Signora Tallarita gave him a puzzled look.
“Miccichè? What’s that poor man have to do with any of this? The guy’s already embalmed and in a casket!”
She was being sincere, clearly. Montalbano, too, felt puzzled. He was convinced that the person who’d told her about it was Miccichè, but he didn’t let it show.
“So who was it, then?”
“One day, in the stairwell, I ran into Signor Nicotra . . .”
“Carlo Nicotra?”
“Him. And he tol’ me everything and said the whole town was talking about it and saying terrible things and that this woman was a bad one, and that she would ruin my son.”

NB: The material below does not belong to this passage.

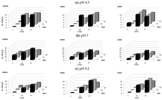At pH 4.5, the molecules of BSA were positively charged to a small extent (Table 2); therefore, they could be attracted by the PNIPAM-co-PolySMA hydrogels that were negatively charged (Table 2). As will be discussed below, the hydrophobic interactions between the hydrogels and the proteins additionally proved to be the second key factor in the adsorption tests. The dependencies of the adsorption affinity of BSA on temperature and the PNIPAM-co-PolySMA composition, i.e., on the content of SMA and BAA, are illustrated in Figure 4, while the exact data are presented in Table S2 in Supplementary Materials.

She started crying uncontrollably again, as Montalbano was having trouble digesting her answer.
“Signora, one last question and I’ll stop bothering you. Do you know Signora Lombardo’s cell phone number?”
“N . . . no.”
I
t wasn’t true. The woman didn’t know how to lie.
“Signora, the more you hide the truth, the less chance there is for us to locate Arturo.”
This convinced her.
“All right, I know it.”
“Have you ever called Signora Lombardo?”
“Yes.”
“When?”
“Yesterday morning, when I saw that my son had spent the night out and hadn’t come home yet, I got worried; I started looking through his things and I found a little book with a lot of phone numbers in it.”
“And so you called her?”
“Yessir.”
“What time was it, more or less?”
“It was probably around nine in the morning.”
“And what did you say to her?”
“I asked her if my son had spent the night with her.”
“And what did she say?”
“She said no and hung up. The whore! The stinking slut! If I ever get my hands on her I’ll wring her neck like a chicken’s!”
When she’d calmed down a little, the inspector thanked her, promised he would keep her informed, and headed for the door.
Signora Tallarita wanted to see him out. Which meant that Montalbano was forced to go down one flight of stairs, wait a few minutes, then come back up on tiptoe.
This time he knocked on Miccichè’s door.
A woman wearing a small hat and pushing a tiny shopping cart came to the door.
“Whattayou want? I’m going out.”
“I’m Inspector Montalbano, police.”
He’d spoken softly, worried that Signora Tallarita might hear him.
“Wha’??” said the woman. “Talk louder, I can’t hear too good.”
“I can’t. I have a hoarse voice.”
Meanwhile Miccichè himself arrived in his wheelchair.
“Please come in, come in.”
The woman went out, grumbling about people wasting her time. The inspector went inside, closing the door behind him.
“I’ll just take up a minute of your time. Do you know whether Arturo took your Volvo last night?”
Miccichè made a worried face.
“Did something happen?”
“Arturo hasn’t been heard from. So, did he take the car?”